Now, imagine if these two capitals had the climate of Newfoundland.

The Gulf Stream is also part of a larger global system called the Atlantic Meridional Overturning Circulation (AMOC).

After releasing its heat to the atmosphere, the Gulf Stream’s water cools, becomes denser, and sinks in the far North Atlantic, helping drive deep ocean currents that circulate around the globe.

Actor Two: The Jet Stream

Now that we’ve learned about the Gulf Stream’s powerful and warm water current, it’s time to fly with the jet stream.

The jet stream is a fast-moving “river” of air high in the atmosphere, roughly 5 to 7 miles (8 to 12 kilometers) above the surface.

It forms where cold polar air meets warmer tropical air, creating a steep temperature contrast that drives powerful winds.

In the Northern Hemisphere, the main one that affects the North Atlantic is the polar front jet stream, which can blow at speeds over 200 miles per hour (320 kilometers per hour).

During autumn and winter, the temperature difference between the poles and the tropics becomes stronger, and the jet stream intensifies and shifts southward.

As it strengthens, it acts like a conveyor belt for weather systems, guiding and energizing low-pressure storms that spin up over the Atlantic.

The jet stream doesn’t flow in a straight line. Instead, it meanders like a river, creating dips (troughs) and ridges that determine where storms will form and move.

When the jet stream dips over North America and rises again over the Atlantic, it can help storms “bomb out,” meaning they rapidly deepen and generate powerful winds and swells.

The position and strength of the jet stream explain why the North Atlantic is so active in autumn and winter.

It basically channels a steady train of storm systems eastward toward Europe, producing the big, regular swells that surfers and meteorologists track all season long.

1+1 = Storm

A key reason late-year storms in the Northern Hemisphere are fierce is the huge temperature difference between sea and land.

In winter, North America and Europe cool down quickly, but the ocean stays warm longer.

For example, the Gulf Stream hugs the East Coast, keeping Atlantic waters unusually warm next to icy air.

As a result, the imbalance fuels storm growth.

For instance, the temperature difference between the cold land mass and the warmer ocean generates the famous Nor’easter cyclones on the US East Coast.

It’s actually pretty simple to understand. Nature is always trying to balance heat.

So, when warm water meets cold air, a storm drinks that energy, picking up moisture from the ocean and spinning it into wind.

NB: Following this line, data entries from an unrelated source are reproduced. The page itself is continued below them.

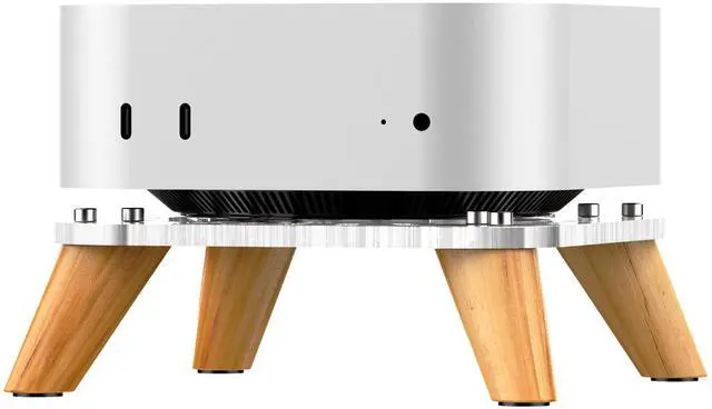 3. Anti-slip protection: The stand comes with 8 non-slip silicone pads on the acrylic when the Mac Mini M4 is placed and also comes with non-slip pads on the bottom of the 4 solid wood feet to ensure stability and non-slip.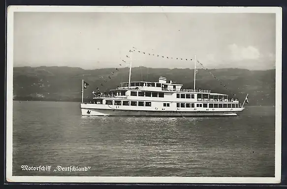 AK Motorschiff Deutschland in Flaggengala auf dem Bodensee
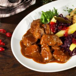 Wildschweingulasch, Mohnspätzle, Preiselbeerbirne

Weaker storms just bring rain, but the biggest storms combine cold air and Gulf Stream warmth to build “virtual hurricanes of winter.”

Meteorologist John Davitt notes that these storms have “tropical-like strength” and are “well-known for churning up big waves along the Northeast”.

In fact, Davitt says, “The surf from these systems is often big enough to lead to destructive coastal flooding.”

A Subtle Oscillation With Massive Consequences

Another reason for regular winter swells is the behavior of the jet stream and the North Atlantic Oscillation (NAO), which is the difference in atmospheric pressure at sea level between the Icelandic Low and the Azores High. 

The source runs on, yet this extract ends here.